AMENDMENT NO. 1 TO THE FIRST AMENDED AND RESTATED LIMITED LIABILITY COMPANY AGREEMENT

OF

GEVO DEVELOPMENT, LLC

This Amendment No. 1 (the “Amendment”) to the First Amended and Restated Limited Liability Company Agreement (the “Agreement”) of Gevo Development, LLC, a Delaware limited liability company (the “Company”) dated as of August 5, 2010 is made and entered into as of May 9, 2014 by Gevo, Inc., a Delaware corporation, as the sole member of the Company (the “Member”).

WHEREAS, pursuant to Section 12.1 of the Agreement, the Member wishes to amend the Agreement as set forth herein.  Capitalized terms used and not defined herein shall have the respective meanings ascribed to them in the Agreement.

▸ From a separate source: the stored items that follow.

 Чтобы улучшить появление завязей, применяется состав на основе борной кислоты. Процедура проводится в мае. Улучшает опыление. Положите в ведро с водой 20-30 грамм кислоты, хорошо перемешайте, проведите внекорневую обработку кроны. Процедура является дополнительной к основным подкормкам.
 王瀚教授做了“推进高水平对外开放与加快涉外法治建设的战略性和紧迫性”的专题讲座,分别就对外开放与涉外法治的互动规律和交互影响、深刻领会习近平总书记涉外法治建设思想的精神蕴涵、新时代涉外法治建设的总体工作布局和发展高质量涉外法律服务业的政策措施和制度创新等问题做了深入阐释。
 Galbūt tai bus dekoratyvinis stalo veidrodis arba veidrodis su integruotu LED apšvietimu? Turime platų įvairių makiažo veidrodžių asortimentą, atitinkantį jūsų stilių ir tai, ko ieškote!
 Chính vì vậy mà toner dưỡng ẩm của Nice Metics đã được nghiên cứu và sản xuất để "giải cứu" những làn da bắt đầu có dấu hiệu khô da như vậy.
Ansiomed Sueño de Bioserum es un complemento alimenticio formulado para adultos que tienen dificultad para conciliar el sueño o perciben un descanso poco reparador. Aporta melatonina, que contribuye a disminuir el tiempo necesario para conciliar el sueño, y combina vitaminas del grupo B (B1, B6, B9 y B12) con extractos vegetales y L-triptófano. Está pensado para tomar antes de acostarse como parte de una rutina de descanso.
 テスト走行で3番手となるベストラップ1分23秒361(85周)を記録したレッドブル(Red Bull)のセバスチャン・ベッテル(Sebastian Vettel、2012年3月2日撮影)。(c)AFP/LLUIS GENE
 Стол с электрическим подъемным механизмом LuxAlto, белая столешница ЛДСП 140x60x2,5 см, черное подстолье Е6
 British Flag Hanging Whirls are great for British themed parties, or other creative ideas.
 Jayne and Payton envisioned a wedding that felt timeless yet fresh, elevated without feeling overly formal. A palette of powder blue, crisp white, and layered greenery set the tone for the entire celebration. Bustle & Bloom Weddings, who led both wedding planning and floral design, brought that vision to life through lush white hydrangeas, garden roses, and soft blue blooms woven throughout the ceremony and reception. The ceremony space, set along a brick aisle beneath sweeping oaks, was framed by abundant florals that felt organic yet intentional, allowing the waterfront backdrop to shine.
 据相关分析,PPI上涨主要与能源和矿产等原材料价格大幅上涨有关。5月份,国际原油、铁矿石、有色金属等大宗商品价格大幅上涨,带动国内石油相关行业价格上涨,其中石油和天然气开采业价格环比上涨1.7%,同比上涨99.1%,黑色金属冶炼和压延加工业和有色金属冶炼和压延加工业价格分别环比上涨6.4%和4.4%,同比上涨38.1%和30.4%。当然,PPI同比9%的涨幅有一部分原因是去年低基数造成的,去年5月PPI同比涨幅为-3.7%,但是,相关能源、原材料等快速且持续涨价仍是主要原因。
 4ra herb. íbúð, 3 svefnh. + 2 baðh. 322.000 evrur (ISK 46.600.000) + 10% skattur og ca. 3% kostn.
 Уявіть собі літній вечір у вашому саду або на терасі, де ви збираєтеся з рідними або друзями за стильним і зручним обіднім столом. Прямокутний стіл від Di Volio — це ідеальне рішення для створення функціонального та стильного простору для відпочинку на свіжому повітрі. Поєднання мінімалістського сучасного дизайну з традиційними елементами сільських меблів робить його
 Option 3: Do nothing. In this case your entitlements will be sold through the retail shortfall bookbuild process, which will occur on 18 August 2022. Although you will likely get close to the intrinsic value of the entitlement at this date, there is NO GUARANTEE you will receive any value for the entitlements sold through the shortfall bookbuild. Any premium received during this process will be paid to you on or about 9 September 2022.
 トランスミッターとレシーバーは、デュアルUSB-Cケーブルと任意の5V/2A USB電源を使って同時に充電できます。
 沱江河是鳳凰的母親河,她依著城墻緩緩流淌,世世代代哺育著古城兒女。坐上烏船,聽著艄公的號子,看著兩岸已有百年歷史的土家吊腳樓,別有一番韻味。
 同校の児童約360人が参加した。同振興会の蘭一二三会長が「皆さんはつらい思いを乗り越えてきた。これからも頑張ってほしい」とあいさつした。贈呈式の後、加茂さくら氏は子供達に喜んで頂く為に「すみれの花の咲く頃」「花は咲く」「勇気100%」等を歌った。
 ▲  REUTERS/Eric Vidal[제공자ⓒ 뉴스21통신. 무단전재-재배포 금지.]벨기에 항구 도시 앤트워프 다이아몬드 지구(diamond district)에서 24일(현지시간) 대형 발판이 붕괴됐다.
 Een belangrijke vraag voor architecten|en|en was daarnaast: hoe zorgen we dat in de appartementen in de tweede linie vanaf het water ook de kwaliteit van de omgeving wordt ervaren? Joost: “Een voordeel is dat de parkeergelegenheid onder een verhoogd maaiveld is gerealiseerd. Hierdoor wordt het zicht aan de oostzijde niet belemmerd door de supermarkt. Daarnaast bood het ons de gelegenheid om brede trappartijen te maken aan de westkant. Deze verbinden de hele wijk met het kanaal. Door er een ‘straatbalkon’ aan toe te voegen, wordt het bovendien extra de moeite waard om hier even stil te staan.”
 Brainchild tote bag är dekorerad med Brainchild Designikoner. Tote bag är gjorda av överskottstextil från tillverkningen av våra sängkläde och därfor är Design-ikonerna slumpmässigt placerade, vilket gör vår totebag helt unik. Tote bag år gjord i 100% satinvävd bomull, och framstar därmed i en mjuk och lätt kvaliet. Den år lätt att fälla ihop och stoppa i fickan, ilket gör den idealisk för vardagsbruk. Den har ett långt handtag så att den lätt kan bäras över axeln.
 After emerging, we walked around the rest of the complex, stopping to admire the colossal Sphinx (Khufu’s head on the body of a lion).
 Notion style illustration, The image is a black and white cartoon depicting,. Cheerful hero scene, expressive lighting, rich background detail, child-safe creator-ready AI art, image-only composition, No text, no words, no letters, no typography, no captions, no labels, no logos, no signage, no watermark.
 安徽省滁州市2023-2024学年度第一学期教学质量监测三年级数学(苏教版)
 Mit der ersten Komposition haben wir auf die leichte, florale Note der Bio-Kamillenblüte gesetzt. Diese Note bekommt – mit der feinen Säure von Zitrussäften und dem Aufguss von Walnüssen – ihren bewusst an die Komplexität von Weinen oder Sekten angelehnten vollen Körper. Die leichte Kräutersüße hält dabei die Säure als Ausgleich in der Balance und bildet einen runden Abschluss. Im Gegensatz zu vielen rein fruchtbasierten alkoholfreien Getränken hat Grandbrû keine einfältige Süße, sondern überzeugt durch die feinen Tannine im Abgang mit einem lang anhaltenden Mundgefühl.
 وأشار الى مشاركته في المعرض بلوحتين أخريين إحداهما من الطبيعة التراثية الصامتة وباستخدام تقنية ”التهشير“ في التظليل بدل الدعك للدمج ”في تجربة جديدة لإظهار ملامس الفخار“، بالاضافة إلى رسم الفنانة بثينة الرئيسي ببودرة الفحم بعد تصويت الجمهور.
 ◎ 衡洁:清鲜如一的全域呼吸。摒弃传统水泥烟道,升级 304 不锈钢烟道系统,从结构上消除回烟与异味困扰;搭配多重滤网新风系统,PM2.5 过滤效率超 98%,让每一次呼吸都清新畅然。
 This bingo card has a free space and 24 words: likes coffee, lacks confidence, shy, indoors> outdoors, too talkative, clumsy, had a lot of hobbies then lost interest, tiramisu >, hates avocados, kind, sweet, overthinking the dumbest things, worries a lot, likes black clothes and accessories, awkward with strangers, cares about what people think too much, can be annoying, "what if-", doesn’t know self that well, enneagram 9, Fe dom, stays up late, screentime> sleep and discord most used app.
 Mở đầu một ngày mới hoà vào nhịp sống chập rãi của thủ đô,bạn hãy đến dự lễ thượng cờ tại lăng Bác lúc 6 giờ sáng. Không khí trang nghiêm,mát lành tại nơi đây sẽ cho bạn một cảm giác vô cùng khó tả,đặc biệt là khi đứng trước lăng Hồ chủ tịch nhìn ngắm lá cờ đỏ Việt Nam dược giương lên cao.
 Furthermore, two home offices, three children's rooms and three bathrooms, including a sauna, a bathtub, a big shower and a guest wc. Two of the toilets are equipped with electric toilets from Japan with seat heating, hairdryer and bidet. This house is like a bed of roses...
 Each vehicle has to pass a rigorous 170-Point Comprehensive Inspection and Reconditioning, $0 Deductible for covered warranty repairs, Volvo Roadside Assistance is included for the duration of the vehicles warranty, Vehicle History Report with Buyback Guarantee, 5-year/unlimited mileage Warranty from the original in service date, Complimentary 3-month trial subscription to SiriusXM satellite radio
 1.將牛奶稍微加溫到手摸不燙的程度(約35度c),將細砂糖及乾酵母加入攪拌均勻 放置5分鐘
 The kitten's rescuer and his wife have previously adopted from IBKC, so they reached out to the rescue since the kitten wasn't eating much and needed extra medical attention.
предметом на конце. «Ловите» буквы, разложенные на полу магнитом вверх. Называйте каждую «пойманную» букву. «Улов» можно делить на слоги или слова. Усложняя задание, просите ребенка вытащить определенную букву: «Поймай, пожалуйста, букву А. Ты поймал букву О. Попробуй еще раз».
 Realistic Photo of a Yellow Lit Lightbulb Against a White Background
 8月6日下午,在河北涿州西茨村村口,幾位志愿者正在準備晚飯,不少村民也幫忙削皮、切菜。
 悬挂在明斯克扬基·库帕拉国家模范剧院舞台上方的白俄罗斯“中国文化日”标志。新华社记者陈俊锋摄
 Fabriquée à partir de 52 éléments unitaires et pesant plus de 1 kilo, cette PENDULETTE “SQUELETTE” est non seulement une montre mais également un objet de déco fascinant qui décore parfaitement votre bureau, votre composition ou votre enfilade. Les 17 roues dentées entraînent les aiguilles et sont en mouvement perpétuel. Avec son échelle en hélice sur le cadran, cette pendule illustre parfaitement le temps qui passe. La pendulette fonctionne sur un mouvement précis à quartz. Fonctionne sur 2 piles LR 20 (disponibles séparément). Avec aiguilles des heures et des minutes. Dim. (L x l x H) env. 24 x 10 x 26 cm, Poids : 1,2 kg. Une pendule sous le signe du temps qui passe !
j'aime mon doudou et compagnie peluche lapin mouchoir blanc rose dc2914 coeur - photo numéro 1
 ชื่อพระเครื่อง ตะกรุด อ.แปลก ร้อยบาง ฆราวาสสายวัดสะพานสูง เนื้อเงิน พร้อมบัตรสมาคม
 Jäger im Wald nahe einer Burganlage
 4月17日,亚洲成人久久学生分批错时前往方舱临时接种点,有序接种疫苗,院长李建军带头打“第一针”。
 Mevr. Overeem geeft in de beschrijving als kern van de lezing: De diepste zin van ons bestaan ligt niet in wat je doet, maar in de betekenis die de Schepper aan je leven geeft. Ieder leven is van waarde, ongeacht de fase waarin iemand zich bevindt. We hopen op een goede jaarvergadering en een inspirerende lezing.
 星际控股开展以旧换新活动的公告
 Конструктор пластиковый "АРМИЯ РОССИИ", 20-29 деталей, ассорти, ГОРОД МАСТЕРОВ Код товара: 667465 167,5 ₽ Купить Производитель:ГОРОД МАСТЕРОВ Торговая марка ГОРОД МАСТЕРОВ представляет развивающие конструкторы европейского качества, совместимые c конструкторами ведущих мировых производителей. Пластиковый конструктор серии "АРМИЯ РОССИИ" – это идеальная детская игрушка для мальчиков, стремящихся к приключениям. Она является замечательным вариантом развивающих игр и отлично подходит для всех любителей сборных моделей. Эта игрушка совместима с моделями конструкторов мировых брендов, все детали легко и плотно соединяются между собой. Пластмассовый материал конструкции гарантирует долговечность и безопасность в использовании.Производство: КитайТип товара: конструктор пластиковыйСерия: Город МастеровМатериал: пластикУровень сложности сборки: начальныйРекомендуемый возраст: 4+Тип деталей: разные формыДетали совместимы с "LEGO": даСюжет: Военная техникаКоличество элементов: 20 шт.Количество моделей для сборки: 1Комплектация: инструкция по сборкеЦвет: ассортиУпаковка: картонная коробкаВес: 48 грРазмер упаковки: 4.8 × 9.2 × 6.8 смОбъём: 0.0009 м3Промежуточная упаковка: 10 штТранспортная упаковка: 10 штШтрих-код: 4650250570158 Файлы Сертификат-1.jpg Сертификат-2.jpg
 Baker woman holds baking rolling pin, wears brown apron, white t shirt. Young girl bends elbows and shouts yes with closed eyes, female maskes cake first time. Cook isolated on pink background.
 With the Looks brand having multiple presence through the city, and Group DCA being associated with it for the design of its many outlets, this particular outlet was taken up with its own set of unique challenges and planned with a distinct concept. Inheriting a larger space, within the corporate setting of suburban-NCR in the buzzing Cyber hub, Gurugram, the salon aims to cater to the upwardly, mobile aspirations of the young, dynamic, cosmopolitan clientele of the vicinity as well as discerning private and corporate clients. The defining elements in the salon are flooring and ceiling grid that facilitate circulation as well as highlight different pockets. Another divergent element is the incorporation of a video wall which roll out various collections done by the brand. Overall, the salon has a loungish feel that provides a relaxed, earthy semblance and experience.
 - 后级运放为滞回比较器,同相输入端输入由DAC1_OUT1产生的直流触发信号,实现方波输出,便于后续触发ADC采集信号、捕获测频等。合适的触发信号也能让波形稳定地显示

NOW, THEREFORE, the Agreement is hereby amended as follows:

1.  Amendments.  

(a) Section 2.5 of the Agreement is hereby amended by adding the following language at the end thereof:

“Notwithstanding anything to the contrary contained herein, any restrictions on Transfer set forth in this Agreement shall not apply to the pledge, grant of security interest in, or encumbrance by any Member of its right, interest or obligation with respect to all or any portion of its Membership Interests to any holder of the debt obligations (including, without limitation, any guarantee obligations) of any Member (or agent and/or trustee acting on behalf of such holder), or to any foreclosure upon, subsequent disposition of or any other exercise of remedies in respect of such Membership Interests by such holder (or agent and/or trustee acting on behalf of such holder), in accordance with any applicable documents governing such debt obligations (including, without limitation, any security agreements, pledge agreements or guarantees).  Any such debt holder (or agent and/or trustee acting on behalf of such holder) will have the express right to exercise such rights and remedies in connection with any Transfer pursuant to any foreclosure or disposition.”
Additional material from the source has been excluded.